Input data:
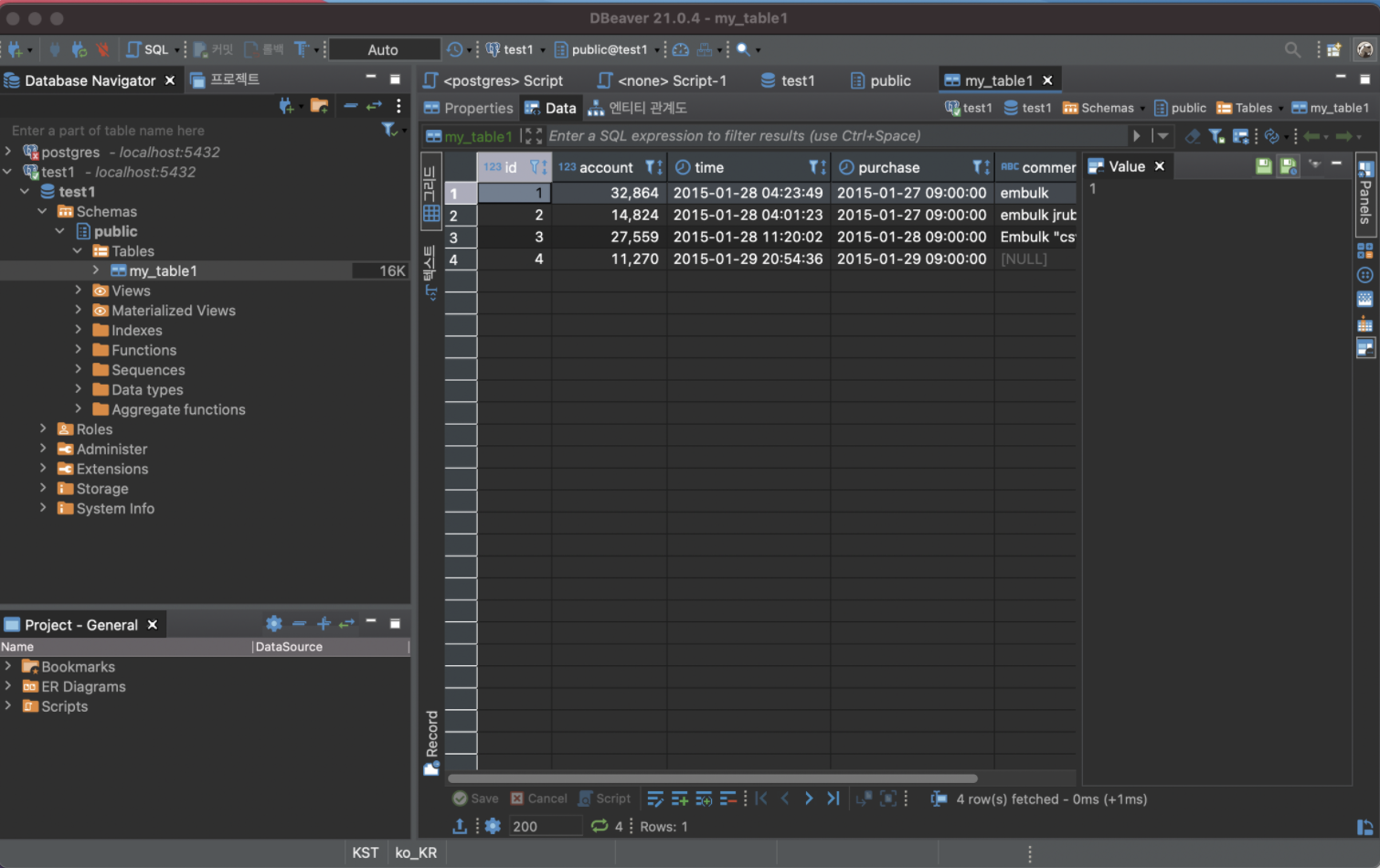 실제 dbeaver를 이용해서 로컬 db에 접속을 하면 입력이 완료된 것을 확인할 수 있습니다.
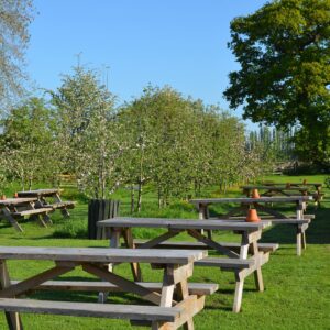 Our bar & shop are open 7 days a week for you to enjoy a drink and take away some beers, or spirits. Our bar is lovely and cosy with a wood burner for when it’s cold. A large viewing window lets you take a peek into the brewery and distillery and watch us in action on brewing days. For those warmer days we have plenty of seating among our cider apple trees in our pretty orchard, where you can enjoy sampling from our range of drinks produced on site.
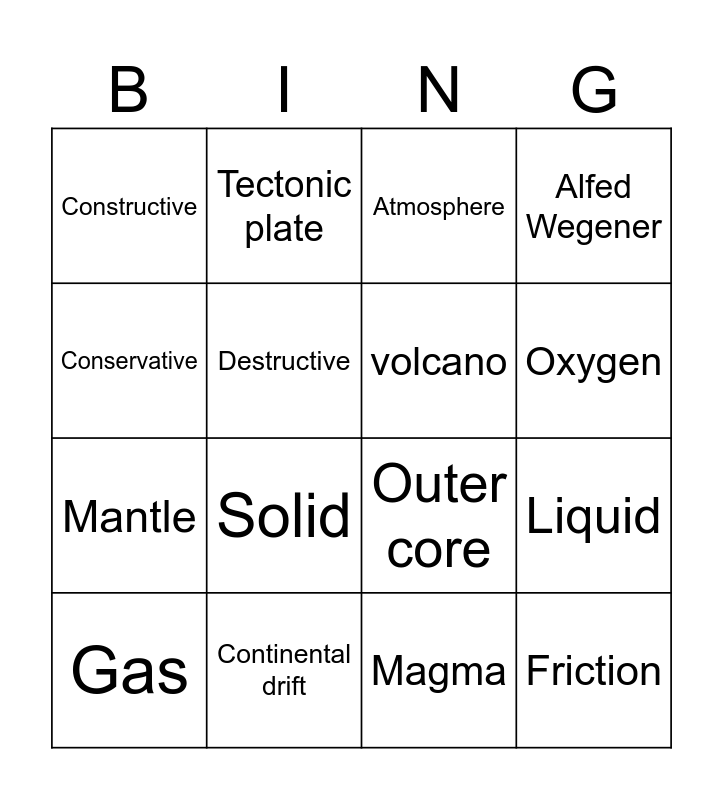 This bingo card has 25 words: Nitrogen, Carbon dioxide, Oxygen, Hydrogen, Conservative, Constructive, Destructive, Tectonic plate, Continental drift, Crust, Mantle, Outer core, Inner core, Mountain, volcano, Earthquake, Magma, Atmosphere, Solid, Liquid, Gas, Boundary, Friction, Alfed Wegener and Air.

Exercise: Copy all the lines of data exactly as they appear, dropping any images.

Response:
 실제 dbeaver를 이용해서 로컬 db에 접속을 하면 입력이 완료된 것을 확인할 수 있습니다.
 Our bar & shop are open 7 days a week for you to enjoy a drink and take away some beers, or spirits. Our bar is lovely and cosy with a wood burner for when it’s cold. A large viewing window lets you take a peek into the brewery and distillery and watch us in action on brewing days. For those warmer days we have plenty of seating among our cider apple trees in our pretty orchard, where you can enjoy sampling from our range of drinks produced on site.
 This bingo card has 25 words: Nitrogen, Carbon dioxide, Oxygen, Hydrogen, Conservative, Constructive, Destructive, Tectonic plate, Continental drift, Crust, Mantle, Outer core, Inner core, Mountain, volcano, Earthquake, Magma, Atmosphere, Solid, Liquid, Gas, Boundary, Friction, Alfed Wegener and Air.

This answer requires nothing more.